ULYSSES S. GRANT--William B. Hesseltine--Dodd, Mead ($4).

U. S. history contains few more provoking mysteries than the personality of Ulysses S. Grant, described by Henry Adams as "shy; jealous; sometimes vindictive; more or less dull in outward appearance; always needing stimulants." Grant was an easygoing, touchy, unimpressive soldier in his early career, later a devoted family man who failed with an almost uncanny thoroughness as a farmer, rent collector, store clerk, before he blossomed as the stolid genius of the Civil War. An essentially honest man who labored in terrible agony to pay his personal debts. Grant became identified with the most scandalous corruption that ever touched a President. His administrations are remembered less for their legislative measures than for the magnitude of their swindles. President Grant was publicly entertained by Gould and Fisk just before those crafty scoundrels tried to corner the country's gold supply. His confidential secretary took bribes from the Whiskey Ring. Even though he was not directly involved in the Credit Mobilier exposure, it placed him under popular suspicion. "The progress of evolution from President Washington to President Grant," Henry Adams wrote, "was alone enough to upset Darwin." Corruption, bribery and precedence given measures for party expediency characterized his administrations, which were historically important in a negative sense, in that they gave a powerful impetus to reform, bred a widespread cynicism for democratic government, effectively discouraged able and conscientious men from seeking political careers.

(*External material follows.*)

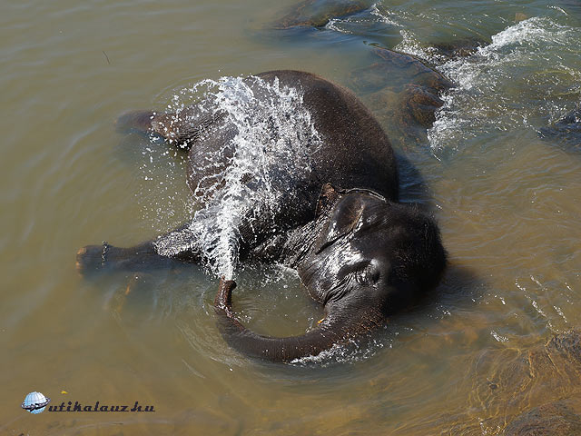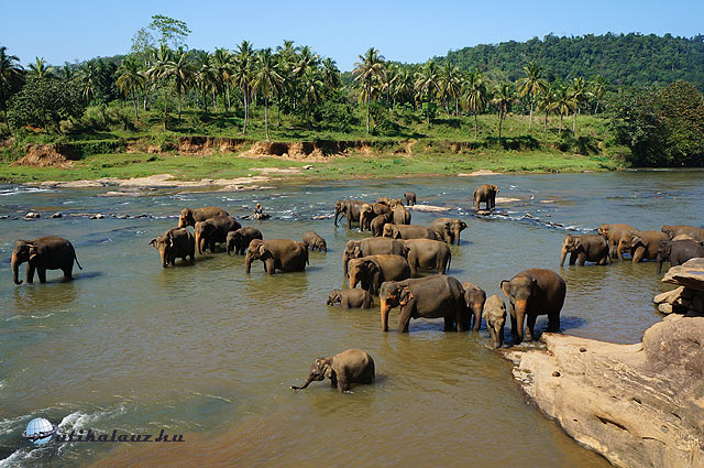 Dél előtt pár perccel lesétáltunk egy közeli folyóhoz, ahol ebédidőben megtekinthettük az elefántcsordát fürdőzés közben. A parton egy valóságos turisztikai központot építettek ki a helyiek. Egy pincér megragadott bennünket, majd borravaló fejében keresett nekünk egy ülőhelyet, ahonnan kényelmesen, iszogatás közben nézhettük az állatokat. Nem volt lehetőségünk ellenkezésre. Itt mindenért fizetni kellett. Emellett folyamatosan próbáltak rám sózni valamit: hol banánt, hol Sri Lankáról szóló könyvet, DVD-t.

Biographers have usually met the problem of Grant's politics by placing the great warrior and the poor politician in closed compartments and permitting no commerce between them. William B. Hesseltine has met it, in his exhaustive, 480-page study, by placing all emphasis on Grant's political career. The result is an eminently readable book which clearly describes the character of Grant's political thinking-- or of his political thoughtlessness--without quite accounting for either his occasional shrewd successes or his awe-inspiring failures.

Explaining Grant's stubborn friendship with gross and clumsy thieves on the familiar "blind spot" theory, Dr. Hesseltine notes that the President was so conscious of his years of business failures that he considered any man who could make a little money as the possessor of vast and mysterious gifts. But Grant's blind spot seems to have been singularly elastic, now large and now small, now enabling him to see through the most ingenious maneuvers of his enemies and now permitting him to adhere to men like Babcock, his confidential secretary, who "fished for gold in every stinking cesspool." That Grant's career was inconsistent, Dr. Hesseltine fully realizes. He seems less aware of its grotesqueness, its humor, and its influence on the course of democratic government. As a result the two brief chapters in The Education of Henry Adams remain the best summary of Grant's limitations. In himself Grant seemed to contain several distinct personalities: 1) the timid man who could not refuse a gift or disappoint a friend; 2) the general who would not lose a battle; 3) the ignorant countryman who thought Venice would be a fine city if only it were drained; 4) the energetic administrator who habitually relaxed, when energy was most needed, into apathy and silence. Such bedfellows naturally made strange politics.